# Poor Puff has more health problems :(



## SnufflePuff (Apr 16, 2009)

My poor sweet little Puff. After 8 days worth of antibiotic to see if an infection was causing her head tilt, she seemed to be doing a little better. Still hasn't used her wheel in weeks, is eating and drinking on her own (has a hard time with her normal sized kibble so is eating some normal kibble but mostly Royal canin babycat - Vet has checked her mouth multiple times and it's fine). Her poop however had gone from mucousy green to really really green and even a bit tarry? despite giving her acidophilus with her antibiotics.

Well we went back to the vet for a checkup on Saturday and the vet suggested a fecal swab and some bloodwork. Puff was kind enough to poop in her sleepy bag for the fecal sample but would only give the vet a few drops of blood - enough for a CBC (complete blood count) but not a basic panel. The vet did not want to risk anaesthetic at this point, and neither did I so we decided to see what those results were.

I just got the results today and her bloodwork showed normal White Blood Cells so no infection, but her red blood cells were nucleiated and thus immature, indicating Anemia or recovering from anemia. The vet was very complexed by this as we both do not believe Puff to have Anemia or to have ever had it.
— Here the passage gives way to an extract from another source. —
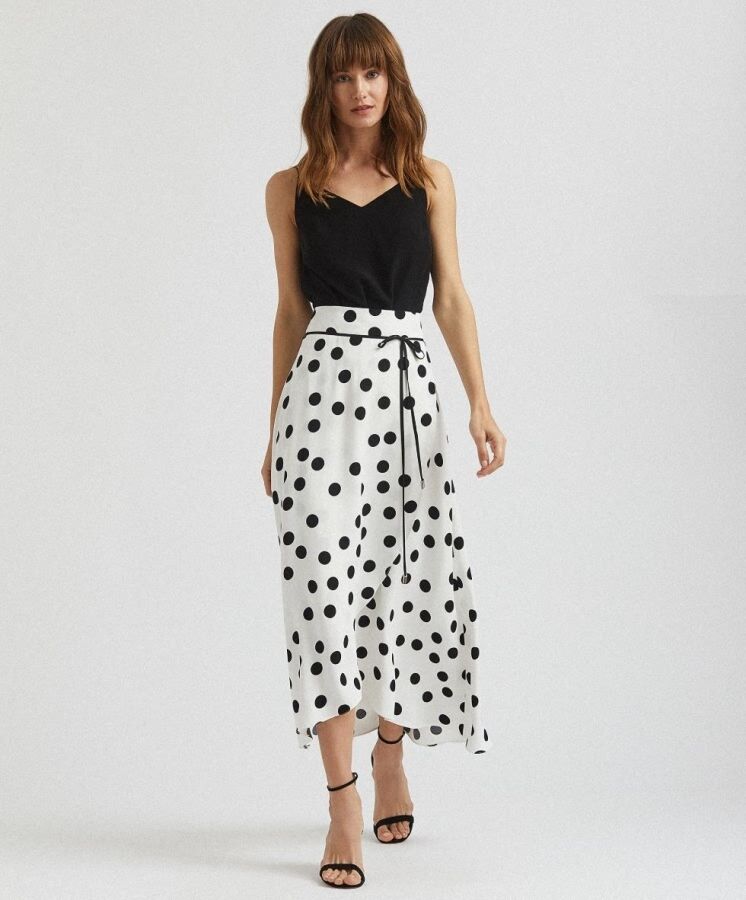 Наряды с принтом в горох весной актуальнее, поскольку черно-белый узор словно создан для школьной формы и у него традиционно романтический подтекст.

Her stool sample was very interesting... there were a ton of White blood cells in it. The vet is worried something may be going on with her digestive tract - so she has prescribed me hedgehog pepto bismol (sulfate I believe she said it was called) and I'm picking that up tomorrow. Puff is also on Benebac for her green stool and this seems to be helping.
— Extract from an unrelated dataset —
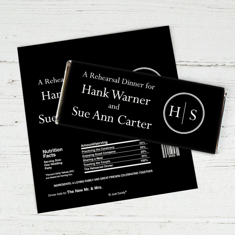 Rehearsal Dinner Personalized Chocolate Bar Wrappers Monograms
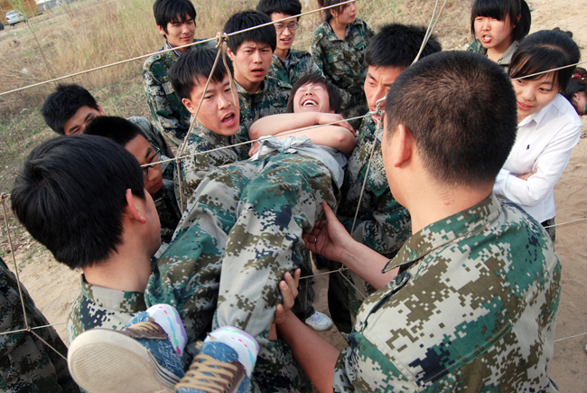 “極速60秒”、“電網(wǎng)逃生”、“孤島求生”、“盲人方陣”等項(xiàng)目檢驗(yàn)了學(xué)員之間的信任與責(zé)任、溝通與合作、“小團(tuán)體”和“大團(tuán)隊(duì)”的關(guān)系處理。在“極速60秒”環(huán)節(jié),一次次失利、一次次頭腦風(fēng)暴,最終取得成功時(shí),大家懂得了溝通與配合對(duì)團(tuán)隊(duì)有多么重要?!肮聧u求生”等項(xiàng)目更是讓學(xué)員們深刻體會(huì)到團(tuán)隊(duì)的概念。讓大家體驗(yàn)?zāi)繕?biāo)與結(jié)果的差異性,引發(fā)換位思考,反思并總結(jié)領(lǐng)導(dǎo)與執(zhí)行過程中脫節(jié)的真正原因。無論是大家小心翼翼的將隊(duì)友抬過電網(wǎng),還是啞巴與盲人搭建木橋以實(shí)現(xiàn)荒島求生,都告訴大家信任是團(tuán)隊(duì)合作的基礎(chǔ),團(tuán)隊(duì)合作是通向成功的唯一途徑?!懊と朔疥嚒杯h(huán)節(jié),學(xué)員們吃了當(dāng)頭一棒。所有人蒙上雙眼,無法語言交流,最終由于缺乏有效溝通和默契配合,大家以失敗告終。通過此類項(xiàng)目,大家不僅意識(shí)到自我責(zé)任,也更加懂得關(guān)愛和信任團(tuán)隊(duì)中的每一個(gè)人,認(rèn)識(shí)到高效有序的溝通對(duì)于團(tuán)隊(duì)至關(guān)重要。

I'm just wondering if anyone has had experience with these symptoms? Or any insight at all on what to do next?

I kind of just want to know what's going on at this point... but at the same time is it worth putting Puff under to get full bloodwork and/or xrays?


----------



## PJM (May 7, 2010)

I'm sorry I can't help with any of it, but I just wanted to let you know I've been thinking of you & Puff & I really hope she gets better soon.


----------



## owenhedgehog (Jan 26, 2009)

snufflepuff, so sorry to hear about Puff's health issues. We send lots of love, encouragement and strength to you.


----------



## shetland (Sep 2, 2008)

I am so sorry about Snufflepuff. I am thinking about humans here: anemia? Could there be more going on in the gastrointestinal tract? Malabsorbtion? A mass? The tarry sounds like there could be some blood in her feces. But also cannot Pepto turn the stool greenish black? Is her anemia nutritional?


----------



## SnufflePuff (Apr 16, 2009)

thank you everyone 



shetland said:


> I am so sorry about Snufflepuff. I am thinking about humans here: anemia? Could there be more going on in the gastrointestinal tract? Malabsorbtion? A mass? The tarry sounds like there could be some blood in her feces. But also cannot Pepto turn the stool greenish black? Is her anemia nutritional?


That's a really interesting thought Shetland. The vet said she suspected maybe Inflammatory bowel disease or even possibly an ulcer of some sort in the tummy. Maybe Puff has been losing a bit of blood in the stool and did have anemia. She thinks she has/is recovering from anemia if that is the case.

Puff is actually starting the sulfate (pepto) tonight though so that's not what's causing the poop.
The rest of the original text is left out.